The presence of tumor cells specifically enhance the CTL response elicited by IL-2 rVV in a dose-dependent manner. BALB/c mice were injected with HBSS alone or with varying doses of CT26.WT or CT26.C25 as specified. After 3 days, mice were immunized with 5 × 10⁶ PFU/mouse of either VJS6 or IL-2 rVV. O n day 9 after tumor challenge (day 6 after vaccination) the primary cytotoxic response was evaluated in a 6-h ⁵¹Cr release assay against CT26.WT, CT26.WT pulsed with the β-gal L^d-restricted peptide (CT26T + peptide), CT26.CL25, and the irrelevant target cells E22 as shown.
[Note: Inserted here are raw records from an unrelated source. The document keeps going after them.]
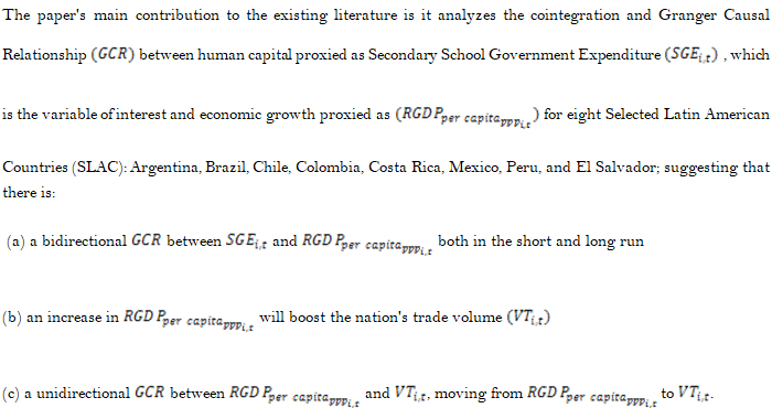The paper's main contribution to the existing literature by investigating the cointegration and Granger causal relationship between human capital and economic growth for eight selected Latin American countries: Argentina, Brazil, Chile, Colombia, Costa Rica, Mexico, Peru, and El Salvador. The study is one of the few studies which have examined this relationship, which makes it unique and of great value to the field of economics and economic development.
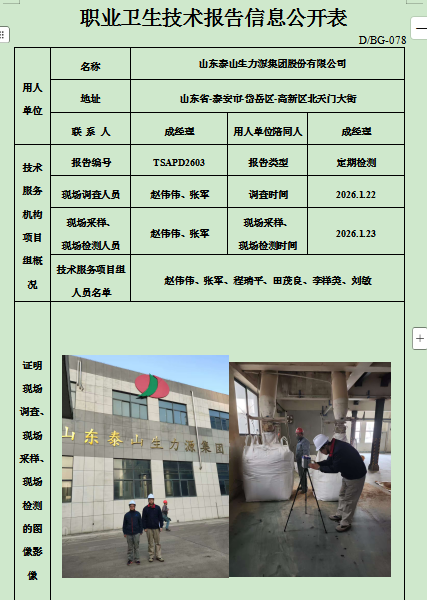 山东泰山生力源集团股份有限公司职业卫生定期检测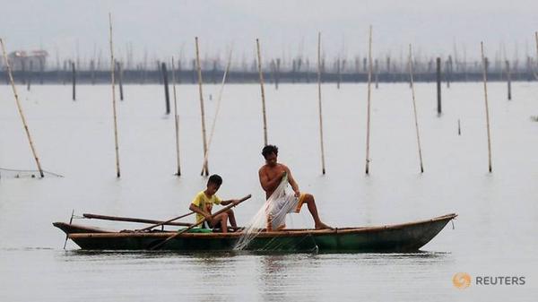 Ngư dân thu lưới trước bão Mangkhut tại khu vực đánh bắt cá ở hồ Laguna de Bay, đảo Luzon (Philippines) ngày 14-9. Ảnh: REUTERS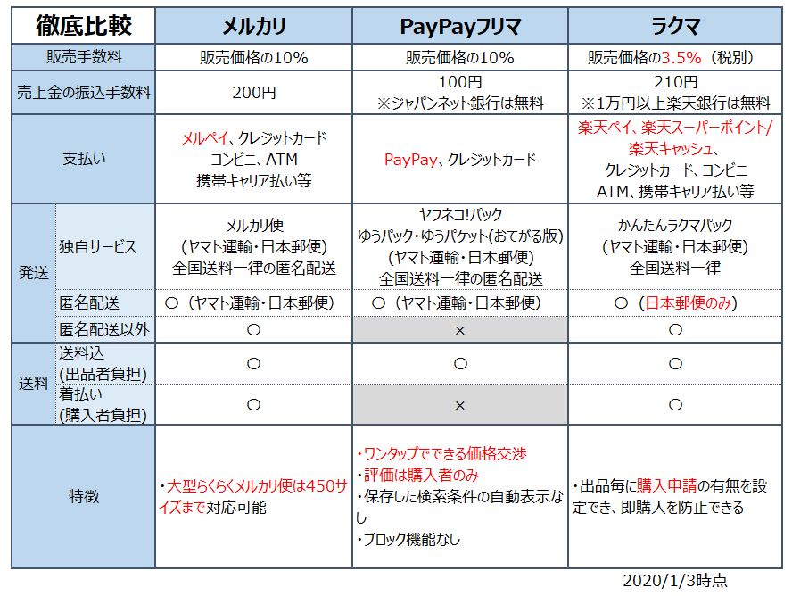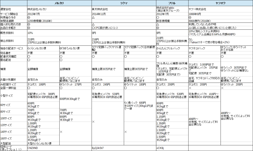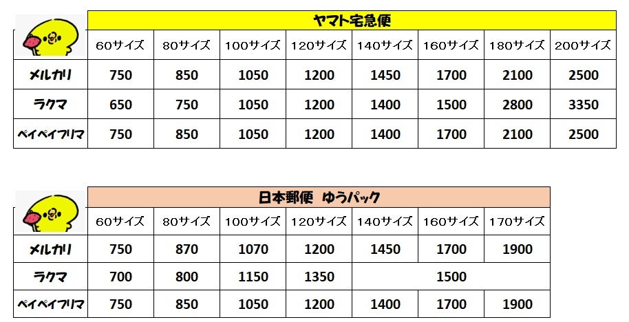 フリマサービスの送料比較早見表&まとめ メルカリ、Yahoo!フリマ&ヤフオク、ラクマuzurea.net。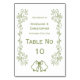 Sage coloured wedding table number bells design. You can customise this sage coloured wedding table number with your own wedding details. Should you require any help with customising then contact us through the link on this page. Bells scrollwork design personalised sage coloured wedding table number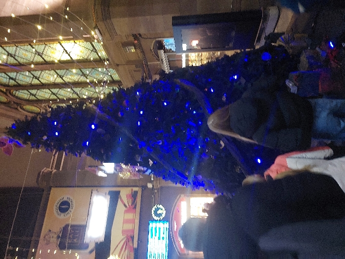 A tilted indoor shot features a large Christmas tree adorned with blue lights, positioned next to advertising posters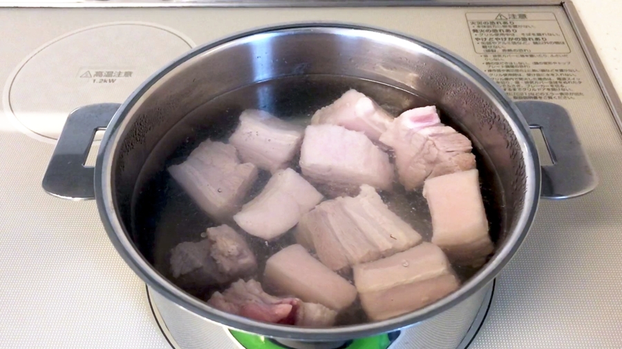 豚バラブロック400gは大きめの一口大に切りまして、沸騰したお湯に入れたら、すぐ火を止めます。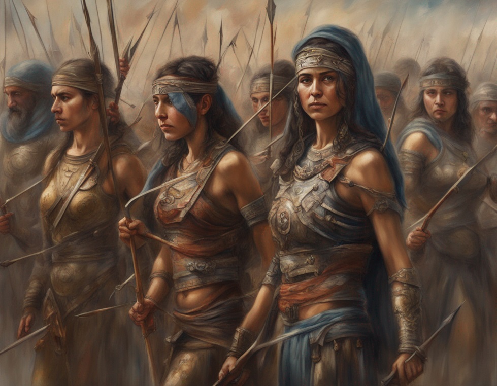 The painting captures the essence of strength, grace, and defiance as these fierce Bedouin warrior women fight valiantly for their homeland…

The effects of escalating doses of tumor on the generation of the primary cytotoxic response is shown for the immunization with IL-2 rVV in nontumor-bearing mice (▲), or in mice bearing 5 × 10⁴ CT26.CL25 (△), 1 × 10⁵ CT26.CL25 (•), 5 × 10⁵ CT26.CL25 (○), or the highest dose, 5 × 10⁵ of the parental (non-β-gal-expressing) CT26.WT cell line (□). An additional control is the non-IL-2-expressing VJS6 virus injected in mice bearing 5 × 10⁵ CT26.CL25 (▪).